The demonstrations will be the first test of opponents’ ability to turn widespread popular anger into pressure on the centre-right president, who is accused of obstructing a corruption investigation.

“Brazil takes to the streets this Sunday to say ‘Enough of this government!’” the trade unions association CUT said in a statement.

The main demonstrations are expected in the capital Brasilia and Sao Paulo. However, another series of protests announced by more centre-right groups have been called off.

Temer is fighting for his political life after the release on Wednesday of a secret recording in which he appears to be heard giving the green light to paying hush money to a jailed politician.

He opened a dramatic counter-attack on Saturday, claiming that the recording had been “manipulated and doctored”.

“I will continue to lead the government,” Temer said in a nationally televised speech, touting signs that Brazil is finally inching out of its worst recession in history.

Prosecutor General Rodrigo Janot accuses Temer of attempting to block a huge anti-corruption investigation known as “Car Wash.”

The probe has upended Brazil, indicting scores of politicians or subjecting them to probes into alleged bribe-taking and embezzlement.
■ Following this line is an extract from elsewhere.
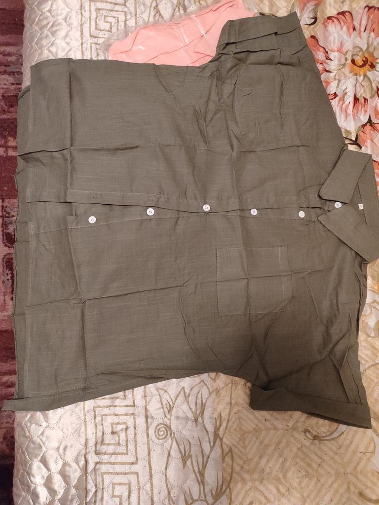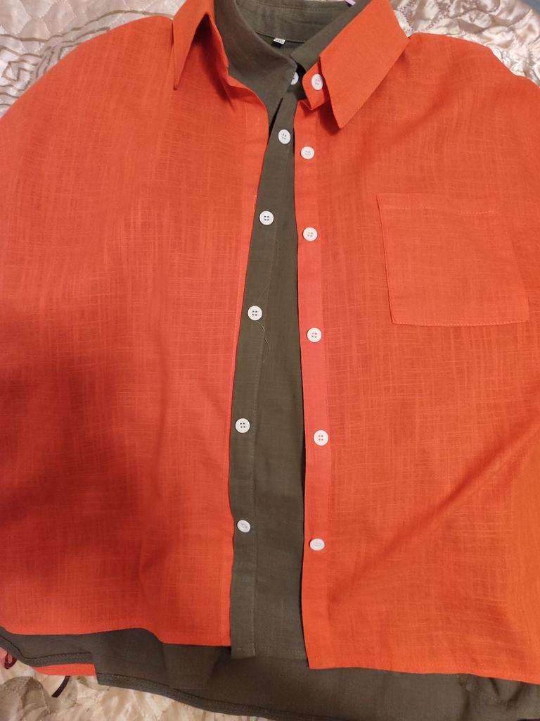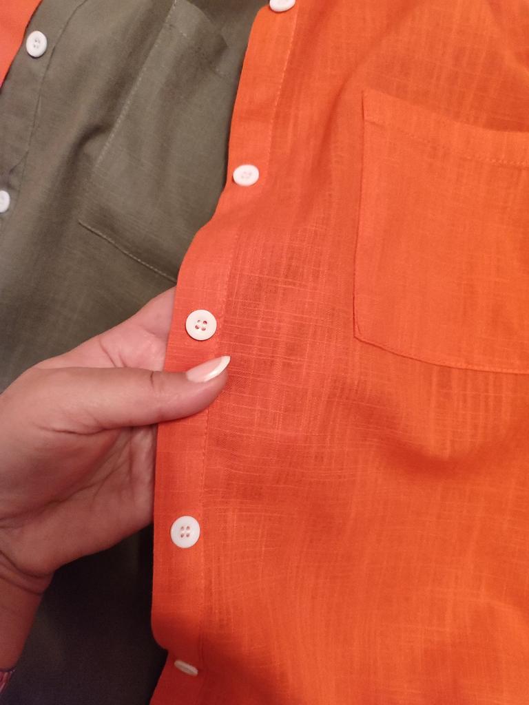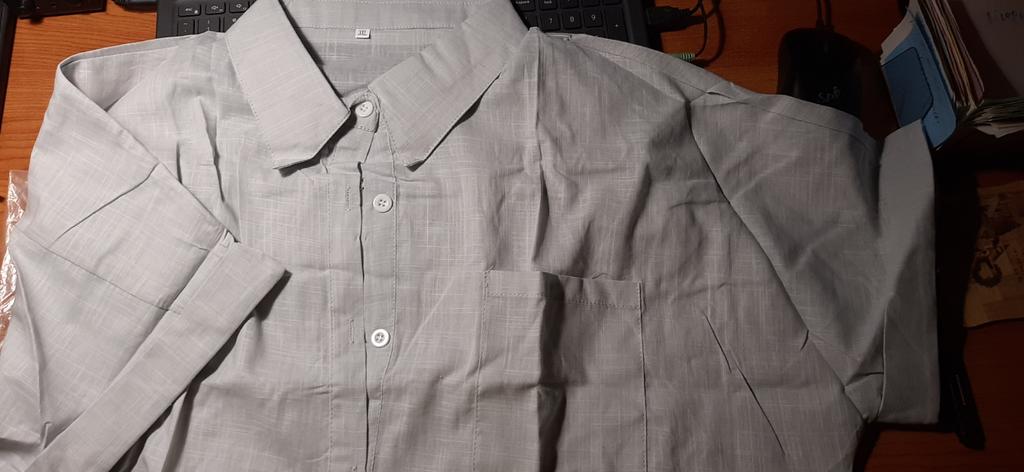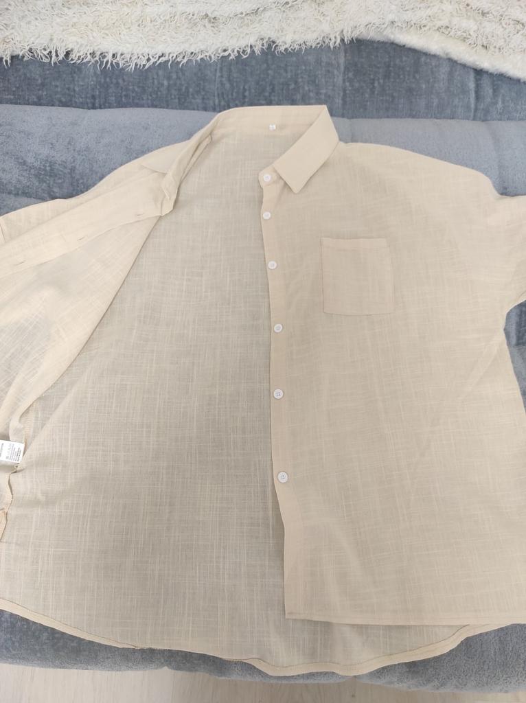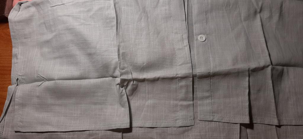The shirt is wonderful. The only drawback is that the khaki shirt has white buttons sewn on it. I replaced it with coconut ones. 3xl fits 50-52, bust size 102. Loose fit. Moderately free. I washed it on the general cycle, temperature 30 degrees. The fabric became softer and did not shrink.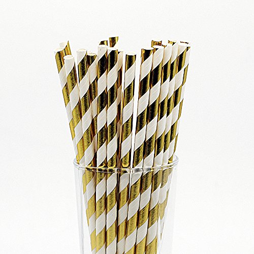 CTIGERS Metallic Gold Striped Paper Straws Pack of 25

Temer is only the latest to be pulled into the maelstrom.

At the heart of his problems is the conversation he had with an executive from the JBS meat-packing business in which the president allegedly blesses monthly payments of hush money to the jailed former lower house speaker Eduardo Cunha.

He is in prison after a ‘Car Wash’ judge convicted him of bribe-taking, but the powerful insider has long been rumoured to be threatening to spill secrets on other politicians.

Hush money

Temer says he never paid hush money and says his conversation with the executive was misinterpreted, and that the recording itself has been distorted.

To combat demands for his impeachment, Temer must keep his ruling alliance together, centred on his own centre-right PMDB party and the PSDB social democrats.

So far, major parties appear to be sitting on the fence, showing little overt support but also not pulling out. A smaller party, the PSB, with one minister in the government, did quit Saturday.

The PSDB leadership is set to hold a meeting on Sunday at about 2000 GMT. A spokeswoman would not say whether a formal decision on the party’s future in the government is on the agenda.

In an ominous sign for Temer, the powerful Globo media group turned fully against him in an editorial Friday declaring he “has lost the moral, ethical, political and administrative conditions to continue governing.”

There was some good news for the president, however.

Sao Paulo Mayor Joao Doria — a rising PSDB star whom many see as a strong candidate for president in a scheduled 2018 election — appealed for calm, telling Folha newspaper that Temer’s austerity reforms must “survive.”

Temer’s crisis comes barely a year after he took over in controversial circumstances after the impeachment of leftist president Dilma Rousseff for illegally manipulating the government’s accounts.

If Temer were to step down, Congress would pick a replacement to rule until after the 2018 election. However, there is widespread demand among ordinary Brazilians on both the left and right for changing the law to allow a snap popular election.